Top of MATERIAL PROVIDED

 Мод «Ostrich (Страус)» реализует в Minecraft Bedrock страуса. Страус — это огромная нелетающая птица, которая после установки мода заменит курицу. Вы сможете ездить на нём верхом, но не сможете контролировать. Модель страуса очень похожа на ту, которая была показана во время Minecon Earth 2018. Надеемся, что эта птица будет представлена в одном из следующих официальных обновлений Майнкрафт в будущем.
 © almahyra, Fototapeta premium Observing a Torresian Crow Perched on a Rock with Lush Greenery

Bottom of MATERIAL PROVIDED
Top of MATERIAL PROVIDED

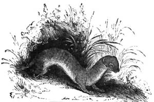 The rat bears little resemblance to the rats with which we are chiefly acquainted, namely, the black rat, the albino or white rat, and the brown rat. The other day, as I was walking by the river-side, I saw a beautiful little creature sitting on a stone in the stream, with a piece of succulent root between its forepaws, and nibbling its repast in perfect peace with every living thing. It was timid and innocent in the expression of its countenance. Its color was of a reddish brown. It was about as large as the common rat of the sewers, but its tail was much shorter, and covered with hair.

Bottom of MATERIAL PROVIDED

#### [ASSIGNMENT]
Retype only the stretch of lines above starting at the one with "Майнкрафт в будущем." and stopping at the one with "with Lush Greenery", exactly as written, with both kept.

#### [OUTPUT FOR THIS TASK]
 Мод «Ostrich (Страус)» реализует в Minecraft Bedrock страуса. Страус — это огромная нелетающая птица, которая после установки мода заменит курицу. Вы сможете ездить на нём верхом, но не сможете контролировать. Модель страуса очень похожа на ту, которая была показана во время Minecon Earth 2018. Надеемся, что эта птица будет представлена в одном из следующих официальных обновлений Майнкрафт в будущем.
 © almahyra, Fototapeta premium Observing a Torresian Crow Perched on a Rock with Lush Greenery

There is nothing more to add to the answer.